At dawn on the Elwha ridge, Tommy had counted an eight-person installation crew mounting antenna arrays and sonar gear on the old dam foundation — a professional operation, not their first. And there at the array, doing final calibration, was Jordan — already hired, emergency onboarding, in control. On a private frequency they laid it out: this isn't connectivity. It's resource extraction. The equipment harvests data from fungal networks — growth patterns, nutrient routes — and the electromagnetic pulses are biological sonar, using the mycelium to prospect the entire Northwest for rare earth, water tables, viable timber. Map the resources, sell the data to loggers and miners and water-rights buyers, and the constant scanning disrupts the fungal networks so badly the forests can't coordinate their own defenses. The trees won't even know they're dying until it's too late.
Jordan stayed inside — introducing calibration errors, corrupting uploads, buying time — "I'm not asking permission to belong anymore. I'm taking action because I do belong.
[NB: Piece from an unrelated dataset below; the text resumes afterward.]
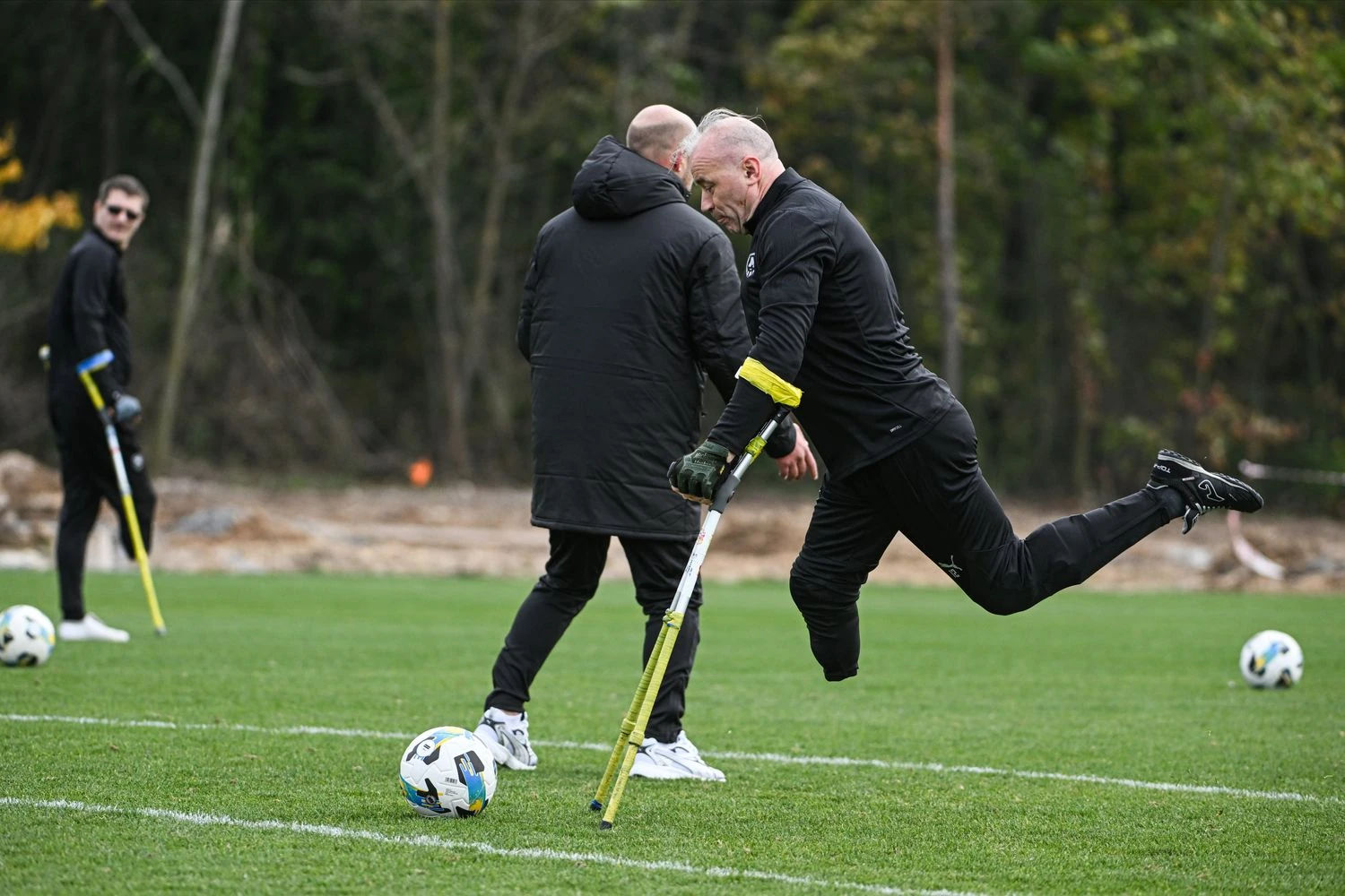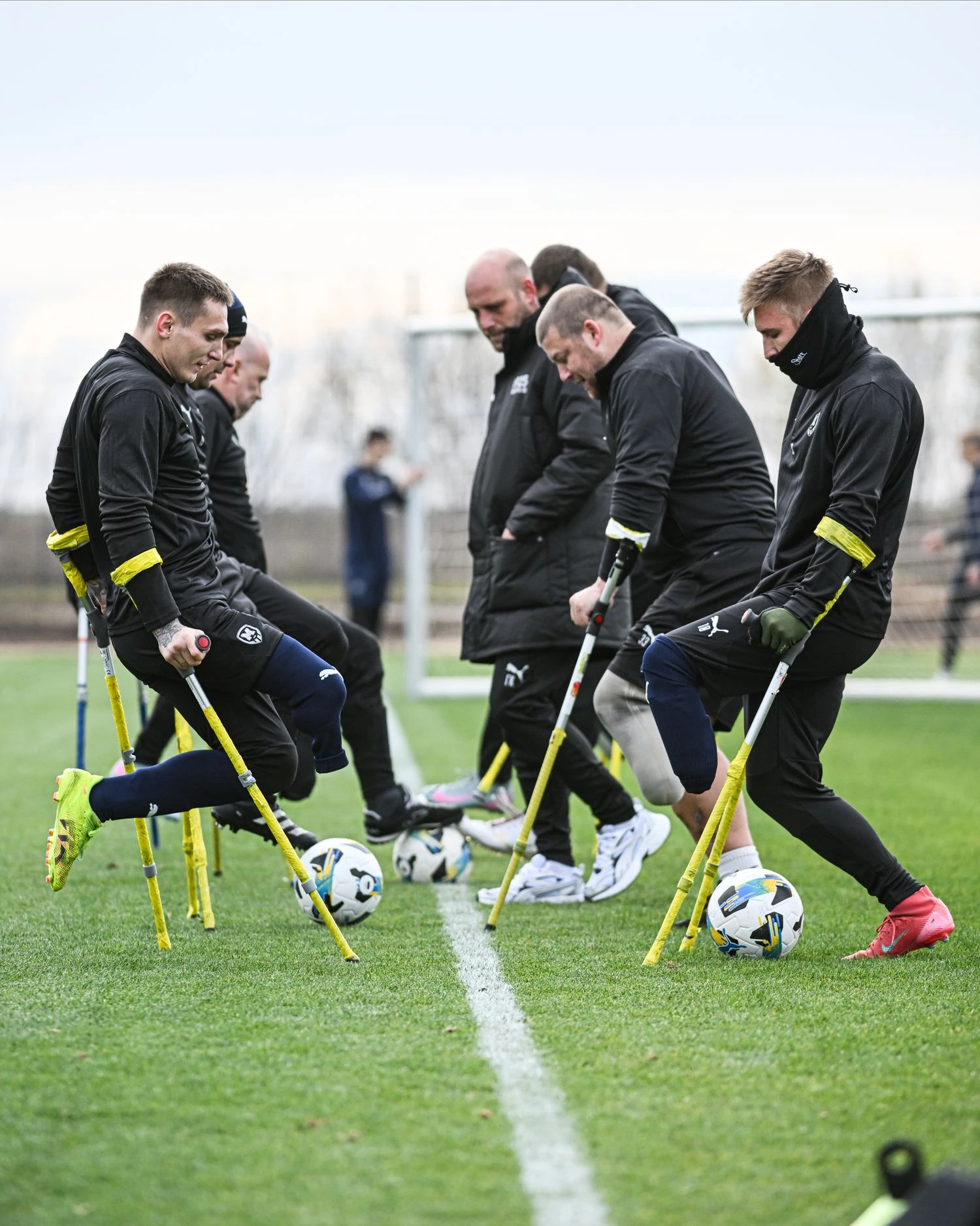 Знакомство двух команд завершилось первой параллельной тренировкой. Пока основной состав ФК "Металлист 1925" работал по своей программе, на соседнем поле АМП ФК "Металлист 1925 Незламні", демонстрируя невероятную силу рук и филигранный баланс, доказали не словом, а делом, что футбол, несмотря на любые ограничения – един для всех.

This is my community too." Meanwhile the mycelium made the stakes unmistakable: colonies from Virginia to Oregon began pre-fruiting simultaneously — the coordinated reproduction that networks trigger when they sense an extinction-level threat. So Emma stopped waiting for peer review. Documentation takes months; publication takes years; they had days. She lit the Rodriguez network like a fuse — forty-three researchers across seventeen institutions, tribal environmental offices, citizen scientists, journalists — the intellectual family her mother Tracy had built on one belief: knowledge should flow freely, through the communities that need it, not sit locked behind institutional walls.
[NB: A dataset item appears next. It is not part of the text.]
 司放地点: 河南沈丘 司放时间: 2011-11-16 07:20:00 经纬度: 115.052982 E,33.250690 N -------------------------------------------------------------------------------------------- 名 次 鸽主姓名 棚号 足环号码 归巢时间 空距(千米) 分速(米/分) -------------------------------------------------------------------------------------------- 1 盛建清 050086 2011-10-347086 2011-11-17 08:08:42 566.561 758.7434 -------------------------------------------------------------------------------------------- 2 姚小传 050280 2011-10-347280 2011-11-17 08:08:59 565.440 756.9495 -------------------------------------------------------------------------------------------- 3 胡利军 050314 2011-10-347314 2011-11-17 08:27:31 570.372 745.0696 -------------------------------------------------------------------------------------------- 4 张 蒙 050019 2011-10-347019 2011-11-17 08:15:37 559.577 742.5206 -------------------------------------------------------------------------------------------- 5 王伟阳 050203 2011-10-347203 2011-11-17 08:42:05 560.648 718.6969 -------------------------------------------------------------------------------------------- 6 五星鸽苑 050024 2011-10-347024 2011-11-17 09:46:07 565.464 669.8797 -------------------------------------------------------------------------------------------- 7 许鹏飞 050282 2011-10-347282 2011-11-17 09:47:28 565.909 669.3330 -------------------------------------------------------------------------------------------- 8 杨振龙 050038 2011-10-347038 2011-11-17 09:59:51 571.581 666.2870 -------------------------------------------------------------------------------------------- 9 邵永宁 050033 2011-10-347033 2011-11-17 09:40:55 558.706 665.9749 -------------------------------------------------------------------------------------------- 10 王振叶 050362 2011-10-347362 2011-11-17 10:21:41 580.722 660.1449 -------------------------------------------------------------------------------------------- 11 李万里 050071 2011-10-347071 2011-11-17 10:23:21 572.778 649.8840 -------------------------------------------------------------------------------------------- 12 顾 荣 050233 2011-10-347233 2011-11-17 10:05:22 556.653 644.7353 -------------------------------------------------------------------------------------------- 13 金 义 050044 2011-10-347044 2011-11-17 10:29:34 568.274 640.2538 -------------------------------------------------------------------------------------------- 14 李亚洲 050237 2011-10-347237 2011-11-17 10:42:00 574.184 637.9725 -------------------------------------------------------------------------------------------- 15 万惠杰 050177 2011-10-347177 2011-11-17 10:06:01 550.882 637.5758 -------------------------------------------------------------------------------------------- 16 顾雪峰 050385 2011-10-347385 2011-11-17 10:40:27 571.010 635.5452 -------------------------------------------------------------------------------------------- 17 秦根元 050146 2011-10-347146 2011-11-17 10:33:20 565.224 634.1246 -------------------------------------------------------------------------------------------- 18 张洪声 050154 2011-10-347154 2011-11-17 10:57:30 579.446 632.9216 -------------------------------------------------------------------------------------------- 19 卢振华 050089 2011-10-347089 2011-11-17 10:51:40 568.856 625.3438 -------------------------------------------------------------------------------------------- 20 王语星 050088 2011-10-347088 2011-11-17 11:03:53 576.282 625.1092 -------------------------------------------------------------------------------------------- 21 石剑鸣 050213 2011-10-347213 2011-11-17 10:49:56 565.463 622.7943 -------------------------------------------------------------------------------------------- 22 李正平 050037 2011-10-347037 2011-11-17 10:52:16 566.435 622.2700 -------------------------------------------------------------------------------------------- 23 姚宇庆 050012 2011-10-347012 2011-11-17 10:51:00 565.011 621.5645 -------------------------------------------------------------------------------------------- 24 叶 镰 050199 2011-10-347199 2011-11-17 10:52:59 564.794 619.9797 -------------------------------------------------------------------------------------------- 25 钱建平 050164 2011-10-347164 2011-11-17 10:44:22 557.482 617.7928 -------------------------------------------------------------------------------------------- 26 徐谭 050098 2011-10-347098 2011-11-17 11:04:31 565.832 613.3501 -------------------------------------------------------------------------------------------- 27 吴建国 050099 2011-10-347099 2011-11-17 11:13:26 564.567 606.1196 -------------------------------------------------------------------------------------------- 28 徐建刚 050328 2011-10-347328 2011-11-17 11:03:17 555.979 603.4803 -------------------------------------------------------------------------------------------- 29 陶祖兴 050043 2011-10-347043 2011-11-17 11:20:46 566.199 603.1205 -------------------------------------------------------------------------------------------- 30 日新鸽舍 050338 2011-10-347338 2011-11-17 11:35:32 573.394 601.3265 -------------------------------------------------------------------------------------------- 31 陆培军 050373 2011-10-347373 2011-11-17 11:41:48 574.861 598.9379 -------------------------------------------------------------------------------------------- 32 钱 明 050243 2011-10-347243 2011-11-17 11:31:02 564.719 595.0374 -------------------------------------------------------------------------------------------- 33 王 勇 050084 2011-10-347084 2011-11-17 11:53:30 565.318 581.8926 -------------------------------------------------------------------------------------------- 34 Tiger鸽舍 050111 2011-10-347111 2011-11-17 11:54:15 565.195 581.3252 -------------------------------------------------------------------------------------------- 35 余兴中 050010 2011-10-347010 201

They're not so different from what they study — they grow in networks too, communicate through underground channels, and when a threat comes, they fruit: they send their knowledge out into the world and hope it takes root. Parallel infrastructure, built by people who long ago stopped being surprised when the systems meant to serve everyone turn out to serve someone else. Coffee routes and community gardens and duck-call radios. The human kind of network — the one that's much, much harder to map.